给的,又是第一天就急吼吼地行勾引之事,自然让世子不快了。就算是好色,又不是色中饿鬼,哪有这样无名无分就生受了的。
最后自然是统一口径,王妃恩德,念乔不知羞耻。
许是念乔自己受不住,一直昏迷着。大夫只说是要办身后事了。
含章一个人跟着世子忙不过来,于是只能从四喜和水笙中选一个人来帮手。
含章原本选的是四喜的,偏生四喜不乐意。
一来四喜粗枝大叶,在生活起居上定然会出纰漏,二来四喜不识字,在书房虽然清闲,却太过无聊。

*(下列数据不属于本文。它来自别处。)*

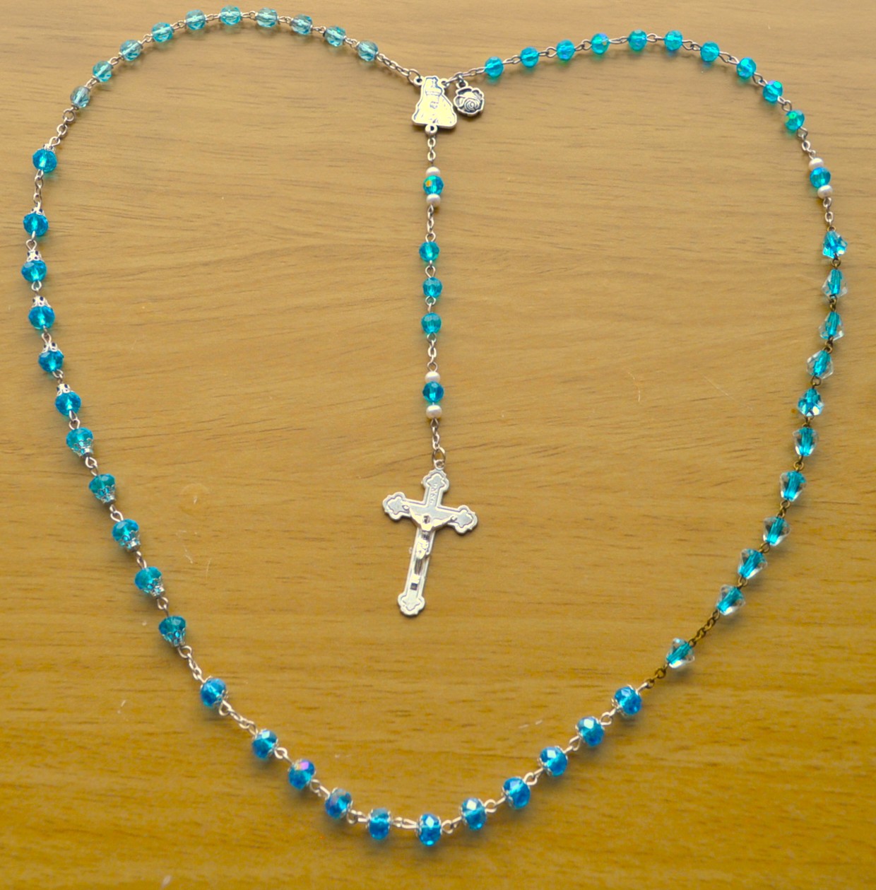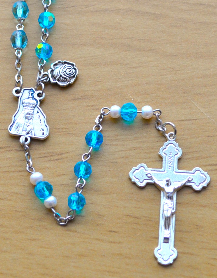 Fatima, Portugal (dark round), Gietrzwald, Poland (tri cone), Lourdes, France (oval), Knock, Ireland (single cap), La Salette, France (light round).
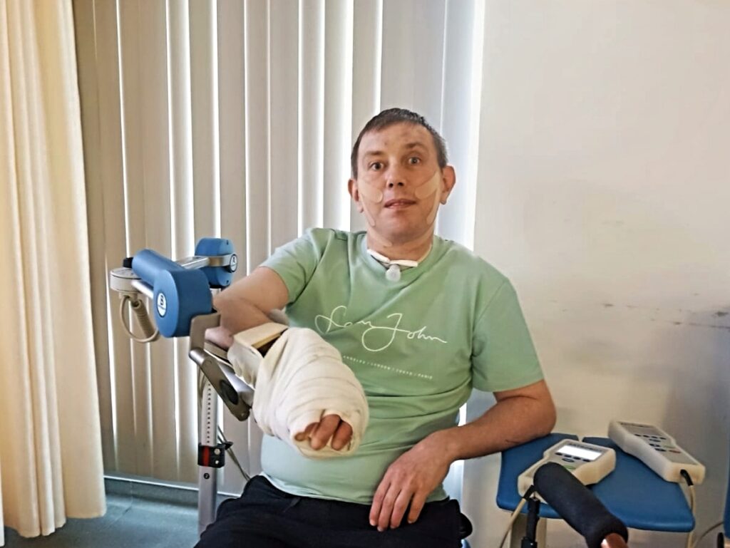 Выйдя из комы, Игорь еще месяц находился в вегетативном состоянии. Просто лежал с открытыми глазами и отсутствующим взглядом, непроизвольно подергивая руками и ногами. Дышал через трахеостому, питался через гастростому. Такого тяжелого пациента никто не хотел брать на реабилитацию — ни по ОМС, ни платно. После долгой борьбы с чиновниками родителям удалось устроить сына в бесплатный реабилитационный центр.
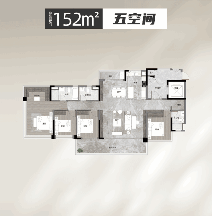 建面约152平5空间,比肩200平大平层享受,152平户型,更是buff叠满,项目唯一的14层板楼小高层产品,主打就是豪宅感。
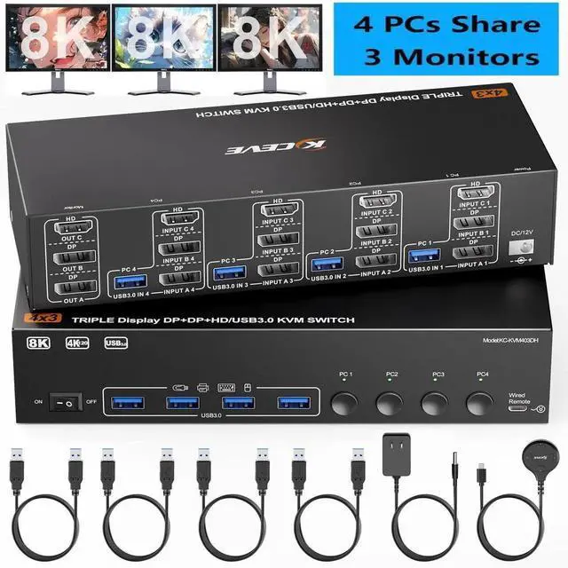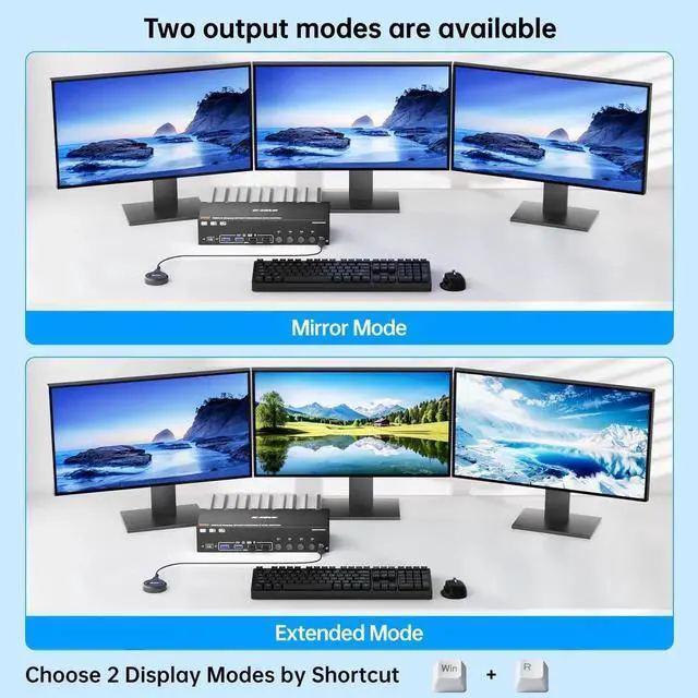 This KVM Switch supports multi-screen display, you can choose between Mirror Mode or Extended Mode for the three monitors as needed. In Mirror Mode, all three screens display identical content, while Extended Mode enables each screen to show different content.
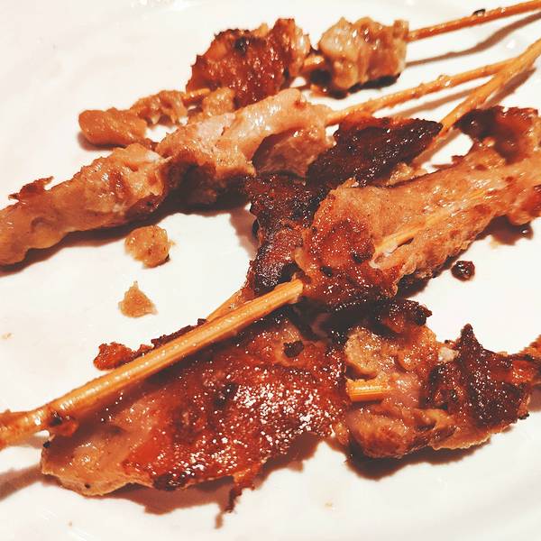 自助晚餐的菜品种类繁多,其中烧烤肉串有鱿鱼串、鸡肉串和兔肉串。酒店门口左右分布立有两座石狮,尽显威严
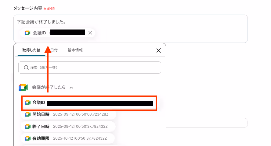入力バーをクリックすると、前ステップから取得したアウトプットも引用可能です。このようにアウトプットを引用することで、毎回異なる内容を通知できます。
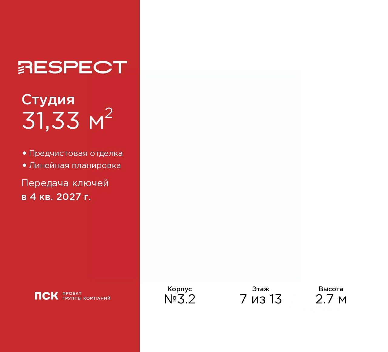 Продается однокомнатная квартира-студия с предчистовой отделкой в ЖК "RESPECT" на 7 этаже. Общая площадь: 31.33 кв.м., площадь гостиной 20.2 кв.м., из которых 5 кв.м. выделено под кухонную зону. Все окна выходят на одну сторону. В квартире один балкон, один совмещенный санузел. Высота потолков 2.7 м.
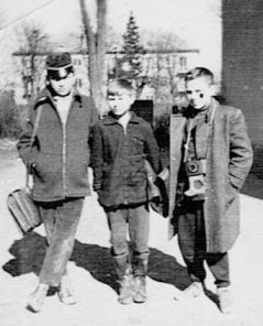 Z wielu zdjęć wybrałem trzy najciekawsze. Pierwsze z 15 listopada 1956 roku, gdzie stoi trójka przyjaciół: od lewej ja, Jerzy Piskorski i śp. Krzysztof Lipka. Ustawiliśmy się przy budynku sali sportowej SP nr 3. Za naszymi plecami, w oddali widać pierwszy budynek Spółdzielni Mieszkaniowej w Szczytnie, na ul. Chrobrego.
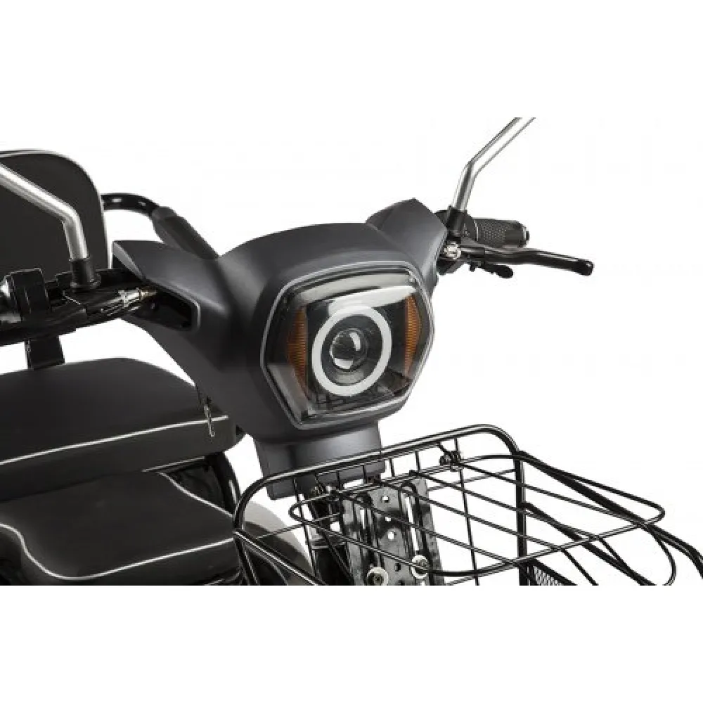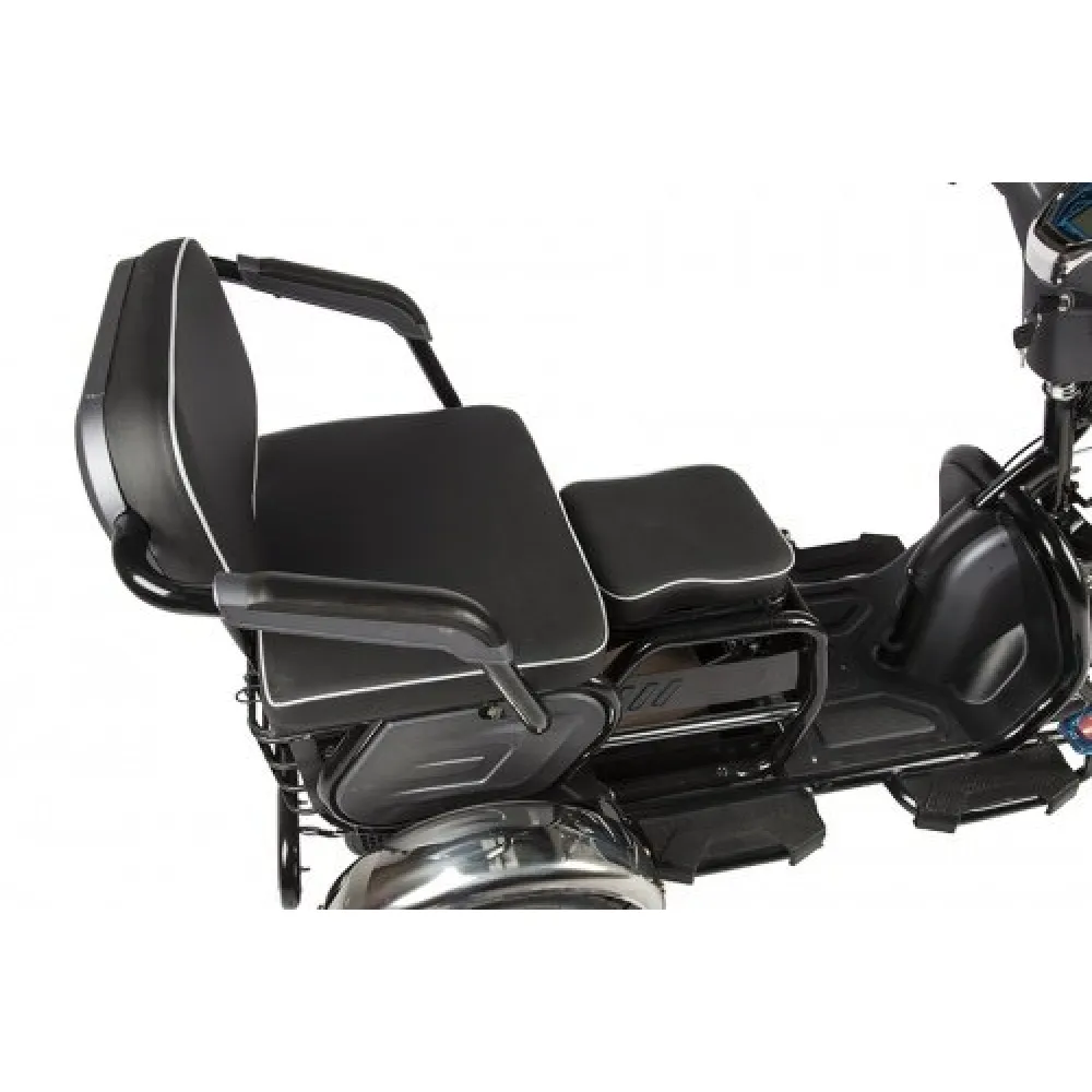 Приятное цветовое решение и совершенные формы заметно радует глаз райдера. Заряд батареи и основные показатели техники отображаются на современном ЖК-дисплее. Модель оснащена надежным двигателем мощностью 500 Вт. Улучшение характеристик техники позволяют развивать максимальную скорость 25-30 км/час. Для повышения комфорта поездок производитель оснастил тс дополнительным пассажирским сидением. Кресла имеют анатомически правильную форму и современное покрытие. Регулируемая рулевая стойка обеспечивает движение без дискомфорта.

四喜宁愿在库房呆着,每日中午带人去大厨房领一院子的饭菜,也不想做些什么秀气活儿。
含章不得已,眼见人情卖不了,只能寻了水笙。
水笙去了书房,其实心中也很忐忑。
她喜欢书,自然愿意去书房,可坏就坏在她识字。摆个识字的丫鬟在书房,这可不犯了大忌。若是丫鬟看懂了那些文书,私自传了出去,可不是死罪。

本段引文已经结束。